*Instructions for the task*
Set down every record below exactly as written.

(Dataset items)
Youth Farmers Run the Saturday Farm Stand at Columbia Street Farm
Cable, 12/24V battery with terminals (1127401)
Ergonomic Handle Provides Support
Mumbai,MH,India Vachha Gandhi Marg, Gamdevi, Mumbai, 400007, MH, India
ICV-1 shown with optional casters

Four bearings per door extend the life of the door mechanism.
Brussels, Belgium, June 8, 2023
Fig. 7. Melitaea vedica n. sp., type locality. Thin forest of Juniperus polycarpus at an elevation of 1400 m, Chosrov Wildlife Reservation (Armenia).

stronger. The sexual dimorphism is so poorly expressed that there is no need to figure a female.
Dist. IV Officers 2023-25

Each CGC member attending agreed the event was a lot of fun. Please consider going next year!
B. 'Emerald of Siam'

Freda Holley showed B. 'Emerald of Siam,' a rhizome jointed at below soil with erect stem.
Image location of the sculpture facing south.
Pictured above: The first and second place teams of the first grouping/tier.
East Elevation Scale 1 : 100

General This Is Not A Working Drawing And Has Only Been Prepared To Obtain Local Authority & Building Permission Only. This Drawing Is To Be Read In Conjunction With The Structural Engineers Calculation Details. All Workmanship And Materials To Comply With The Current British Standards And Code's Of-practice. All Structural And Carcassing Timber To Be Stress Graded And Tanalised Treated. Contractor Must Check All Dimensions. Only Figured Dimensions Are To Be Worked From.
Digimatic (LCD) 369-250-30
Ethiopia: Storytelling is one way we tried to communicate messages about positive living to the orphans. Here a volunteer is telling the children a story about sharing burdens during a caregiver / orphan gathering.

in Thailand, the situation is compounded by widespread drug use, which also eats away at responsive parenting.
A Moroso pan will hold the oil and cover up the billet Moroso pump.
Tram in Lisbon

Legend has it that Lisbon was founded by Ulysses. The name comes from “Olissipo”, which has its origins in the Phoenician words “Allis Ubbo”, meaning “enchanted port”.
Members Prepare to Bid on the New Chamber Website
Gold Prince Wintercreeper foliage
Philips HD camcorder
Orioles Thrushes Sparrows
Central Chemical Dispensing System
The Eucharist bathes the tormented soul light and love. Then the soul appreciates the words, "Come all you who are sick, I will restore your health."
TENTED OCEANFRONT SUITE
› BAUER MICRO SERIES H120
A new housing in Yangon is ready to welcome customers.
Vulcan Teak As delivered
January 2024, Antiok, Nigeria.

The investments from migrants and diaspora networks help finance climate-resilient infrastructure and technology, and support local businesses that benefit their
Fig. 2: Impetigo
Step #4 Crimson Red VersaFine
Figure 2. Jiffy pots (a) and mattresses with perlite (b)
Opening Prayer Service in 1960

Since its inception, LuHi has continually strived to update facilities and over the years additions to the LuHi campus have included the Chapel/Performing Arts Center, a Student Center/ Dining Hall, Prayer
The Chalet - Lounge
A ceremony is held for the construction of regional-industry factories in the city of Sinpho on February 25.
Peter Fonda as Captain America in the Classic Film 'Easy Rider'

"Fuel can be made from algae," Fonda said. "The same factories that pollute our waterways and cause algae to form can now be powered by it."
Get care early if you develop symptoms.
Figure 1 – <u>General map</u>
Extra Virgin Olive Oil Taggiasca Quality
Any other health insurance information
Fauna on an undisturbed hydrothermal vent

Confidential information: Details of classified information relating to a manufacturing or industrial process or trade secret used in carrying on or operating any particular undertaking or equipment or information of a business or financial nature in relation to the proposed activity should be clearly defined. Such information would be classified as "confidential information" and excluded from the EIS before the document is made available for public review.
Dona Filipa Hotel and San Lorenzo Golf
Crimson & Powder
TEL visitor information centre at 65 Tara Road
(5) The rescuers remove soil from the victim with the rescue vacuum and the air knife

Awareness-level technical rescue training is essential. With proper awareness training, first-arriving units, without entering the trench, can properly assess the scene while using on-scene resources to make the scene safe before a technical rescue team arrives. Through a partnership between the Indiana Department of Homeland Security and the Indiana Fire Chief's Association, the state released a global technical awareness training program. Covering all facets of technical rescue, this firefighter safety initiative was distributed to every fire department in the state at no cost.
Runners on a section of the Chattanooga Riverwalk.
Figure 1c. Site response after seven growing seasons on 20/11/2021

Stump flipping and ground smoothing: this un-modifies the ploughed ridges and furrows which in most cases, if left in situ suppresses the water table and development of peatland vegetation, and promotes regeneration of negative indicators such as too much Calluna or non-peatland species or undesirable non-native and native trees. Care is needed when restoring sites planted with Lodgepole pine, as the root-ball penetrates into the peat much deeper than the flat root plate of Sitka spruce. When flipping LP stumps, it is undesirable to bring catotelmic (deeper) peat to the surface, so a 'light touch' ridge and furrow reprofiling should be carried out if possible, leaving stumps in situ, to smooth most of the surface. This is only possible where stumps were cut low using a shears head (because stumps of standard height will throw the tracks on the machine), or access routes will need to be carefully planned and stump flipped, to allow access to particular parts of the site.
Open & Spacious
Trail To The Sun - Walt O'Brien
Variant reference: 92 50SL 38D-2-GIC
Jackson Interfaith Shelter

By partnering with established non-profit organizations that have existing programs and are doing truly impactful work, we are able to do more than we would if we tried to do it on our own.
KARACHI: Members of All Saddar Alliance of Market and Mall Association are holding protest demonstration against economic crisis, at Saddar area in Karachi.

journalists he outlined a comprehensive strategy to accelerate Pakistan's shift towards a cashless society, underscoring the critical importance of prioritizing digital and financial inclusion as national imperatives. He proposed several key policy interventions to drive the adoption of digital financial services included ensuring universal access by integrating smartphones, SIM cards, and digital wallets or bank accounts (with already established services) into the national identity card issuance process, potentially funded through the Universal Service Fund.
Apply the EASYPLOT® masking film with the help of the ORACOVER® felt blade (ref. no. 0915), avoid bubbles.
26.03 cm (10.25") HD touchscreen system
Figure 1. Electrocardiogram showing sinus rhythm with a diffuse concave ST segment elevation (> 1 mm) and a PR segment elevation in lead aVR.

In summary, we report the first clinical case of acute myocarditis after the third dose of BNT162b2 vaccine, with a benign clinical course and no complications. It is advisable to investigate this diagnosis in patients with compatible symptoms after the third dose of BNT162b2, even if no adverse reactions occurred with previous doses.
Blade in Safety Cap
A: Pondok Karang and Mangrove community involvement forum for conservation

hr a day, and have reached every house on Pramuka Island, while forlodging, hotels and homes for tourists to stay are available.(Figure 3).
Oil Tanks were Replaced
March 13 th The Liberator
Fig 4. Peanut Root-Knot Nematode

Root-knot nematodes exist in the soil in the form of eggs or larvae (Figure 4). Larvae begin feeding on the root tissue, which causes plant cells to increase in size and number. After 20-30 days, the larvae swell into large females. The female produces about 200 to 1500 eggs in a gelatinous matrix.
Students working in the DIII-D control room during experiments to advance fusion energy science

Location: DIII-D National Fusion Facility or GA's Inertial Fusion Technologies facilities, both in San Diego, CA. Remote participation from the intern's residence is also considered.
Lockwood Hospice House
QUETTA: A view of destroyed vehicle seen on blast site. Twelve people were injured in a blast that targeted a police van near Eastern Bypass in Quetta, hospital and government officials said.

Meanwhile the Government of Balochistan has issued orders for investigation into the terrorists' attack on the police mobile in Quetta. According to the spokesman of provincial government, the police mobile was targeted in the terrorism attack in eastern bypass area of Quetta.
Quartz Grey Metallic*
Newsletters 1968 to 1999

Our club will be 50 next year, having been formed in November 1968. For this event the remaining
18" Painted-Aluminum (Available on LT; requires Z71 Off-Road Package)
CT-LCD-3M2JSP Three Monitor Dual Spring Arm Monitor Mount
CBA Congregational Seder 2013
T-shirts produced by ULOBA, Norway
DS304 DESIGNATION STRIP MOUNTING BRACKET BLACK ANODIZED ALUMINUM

*Exercise response*
Youth Farmers Run the Saturday Farm Stand at Columbia Street Farm
Cable, 12/24V battery with terminals (1127401)
Ergonomic Handle Provides Support
Mumbai,MH,India Vachha Gandhi Marg, Gamdevi, Mumbai, 400007, MH, India
ICV-1 shown with optional casters

Four bearings per door extend the life of the door mechanism.
Brussels, Belgium, June 8, 2023
Fig. 7. Melitaea vedica n. sp., type locality. Thin forest of Juniperus polycarpus at an elevation of 1400 m, Chosrov Wildlife Reservation (Armenia).

stronger. The sexual dimorphism is so poorly expressed that there is no need to figure a female.
Dist. IV Officers 2023-25

Each CGC member attending agreed the event was a lot of fun. Please consider going next year!
B. 'Emerald of Siam'

Freda Holley showed B. 'Emerald of Siam,' a rhizome jointed at below soil with erect stem.
Image location of the sculpture facing south.
Pictured above: The first and second place teams of the first grouping/tier.
East Elevation Scale 1 : 100

General This Is Not A Working Drawing And Has Only Been Prepared To Obtain Local Authority & Building Permission Only. This Drawing Is To Be Read In Conjunction With The Structural Engineers Calculation Details. All Workmanship And Materials To Comply With The Current British Standards And Code's Of-practice. All Structural And Carcassing Timber To Be Stress Graded And Tanalised Treated. Contractor Must Check All Dimensions. Only Figured Dimensions Are To Be Worked From.
Digimatic (LCD) 369-250-30
Ethiopia: Storytelling is one way we tried to communicate messages about positive living to the orphans. Here a volunteer is telling the children a story about sharing burdens during a caregiver / orphan gathering.

in Thailand, the situation is compounded by widespread drug use, which also eats away at responsive parenting.
A Moroso pan will hold the oil and cover up the billet Moroso pump.
Tram in Lisbon

Legend has it that Lisbon was founded by Ulysses. The name comes from “Olissipo”, which has its origins in the Phoenician words “Allis Ubbo”, meaning “enchanted port”.
Members Prepare to Bid on the New Chamber Website
Gold Prince Wintercreeper foliage
Philips HD camcorder
Orioles Thrushes Sparrows
Central Chemical Dispensing System
The Eucharist bathes the tormented soul light and love. Then the soul appreciates the words, "Come all you who are sick, I will restore your health."
TENTED OCEANFRONT SUITE
› BAUER MICRO SERIES H120
A new housing in Yangon is ready to welcome customers.
Vulcan Teak As delivered
January 2024, Antiok, Nigeria.

The investments from migrants and diaspora networks help finance climate-resilient infrastructure and technology, and support local businesses that benefit their
Fig. 2: Impetigo
Step #4 Crimson Red VersaFine
Figure 2. Jiffy pots (a) and mattresses with perlite (b)
Opening Prayer Service in 1960

Since its inception, LuHi has continually strived to update facilities and over the years additions to the LuHi campus have included the Chapel/Performing Arts Center, a Student Center/ Dining Hall, Prayer
The Chalet - Lounge
A ceremony is held for the construction of regional-industry factories in the city of Sinpho on February 25.
Peter Fonda as Captain America in the Classic Film 'Easy Rider'

"Fuel can be made from algae," Fonda said. "The same factories that pollute our waterways and cause algae to form can now be powered by it."
Get care early if you develop symptoms.
Figure 1 – <u>General map</u>
Extra Virgin Olive Oil Taggiasca Quality
Any other health insurance information
Fauna on an undisturbed hydrothermal vent

Confidential information: Details of classified information relating to a manufacturing or industrial process or trade secret used in carrying on or operating any particular undertaking or equipment or information of a business or financial nature in relation to the proposed activity should be clearly defined. Such information would be classified as "confidential information" and excluded from the EIS before the document is made available for public review.
Dona Filipa Hotel and San Lorenzo Golf
Crimson & Powder
TEL visitor information centre at 65 Tara Road
(5) The rescuers remove soil from the victim with the rescue vacuum and the air knife

Awareness-level technical rescue training is essential. With proper awareness training, first-arriving units, without entering the trench, can properly assess the scene while using on-scene resources to make the scene safe before a technical rescue team arrives. Through a partnership between the Indiana Department of Homeland Security and the Indiana Fire Chief's Association, the state released a global technical awareness training program. Covering all facets of technical rescue, this firefighter safety initiative was distributed to every fire department in the state at no cost.
Runners on a section of the Chattanooga Riverwalk.
Figure 1c. Site response after seven growing seasons on 20/11/2021

Stump flipping and ground smoothing: this un-modifies the ploughed ridges and furrows which in most cases, if left in situ suppresses the water table and development of peatland vegetation, and promotes regeneration of negative indicators such as too much Calluna or non-peatland species or undesirable non-native and native trees. Care is needed when restoring sites planted with Lodgepole pine, as the root-ball penetrates into the peat much deeper than the flat root plate of Sitka spruce. When flipping LP stumps, it is undesirable to bring catotelmic (deeper) peat to the surface, so a 'light touch' ridge and furrow reprofiling should be carried out if possible, leaving stumps in situ, to smooth most of the surface. This is only possible where stumps were cut low using a shears head (because stumps of standard height will throw the tracks on the machine), or access routes will need to be carefully planned and stump flipped, to allow access to particular parts of the site.
Open & Spacious
Trail To The Sun - Walt O'Brien
Variant reference: 92 50SL 38D-2-GIC
Jackson Interfaith Shelter

By partnering with established non-profit organizations that have existing programs and are doing truly impactful work, we are able to do more than we would if we tried to do it on our own.
KARACHI: Members of All Saddar Alliance of Market and Mall Association are holding protest demonstration against economic crisis, at Saddar area in Karachi.

journalists he outlined a comprehensive strategy to accelerate Pakistan's shift towards a cashless society, underscoring the critical importance of prioritizing digital and financial inclusion as national imperatives. He proposed several key policy interventions to drive the adoption of digital financial services included ensuring universal access by integrating smartphones, SIM cards, and digital wallets or bank accounts (with already established services) into the national identity card issuance process, potentially funded through the Universal Service Fund.
Apply the EASYPLOT® masking film with the help of the ORACOVER® felt blade (ref. no. 0915), avoid bubbles.
26.03 cm (10.25") HD touchscreen system
Figure 1. Electrocardiogram showing sinus rhythm with a diffuse concave ST segment elevation (> 1 mm) and a PR segment elevation in lead aVR.

In summary, we report the first clinical case of acute myocarditis after the third dose of BNT162b2 vaccine, with a benign clinical course and no complications. It is advisable to investigate this diagnosis in patients with compatible symptoms after the third dose of BNT162b2, even if no adverse reactions occurred with previous doses.
Blade in Safety Cap
A: Pondok Karang and Mangrove community involvement forum for conservation

hr a day, and have reached every house on Pramuka Island, while forlodging, hotels and homes for tourists to stay are available.(Figure 3).
Oil Tanks were Replaced
March 13 th The Liberator
Fig 4. Peanut Root-Knot Nematode

Root-knot nematodes exist in the soil in the form of eggs or larvae (Figure 4). Larvae begin feeding on the root tissue, which causes plant cells to increase in size and number. After 20-30 days, the larvae swell into large females. The female produces about 200 to 1500 eggs in a gelatinous matrix.
Students working in the DIII-D control room during experiments to advance fusion energy science

Location: DIII-D National Fusion Facility or GA's Inertial Fusion Technologies facilities, both in San Diego, CA. Remote participation from the intern's residence is also considered.
Lockwood Hospice House
QUETTA: A view of destroyed vehicle seen on blast site. Twelve people were injured in a blast that targeted a police van near Eastern Bypass in Quetta, hospital and government officials said.

Meanwhile the Government of Balochistan has issued orders for investigation into the terrorists' attack on the police mobile in Quetta. According to the spokesman of provincial government, the police mobile was targeted in the terrorism attack in eastern bypass area of Quetta.
Quartz Grey Metallic*
Newsletters 1968 to 1999

Our club will be 50 next year, having been formed in November 1968. For this event the remaining
18" Painted-Aluminum (Available on LT; requires Z71 Off-Road Package)
CT-LCD-3M2JSP Three Monitor Dual Spring Arm Monitor Mount
CBA Congregational Seder 2013
T-shirts produced by ULOBA, Norway
DS304 DESIGNATION STRIP MOUNTING BRACKET BLACK ANODIZED ALUMINUM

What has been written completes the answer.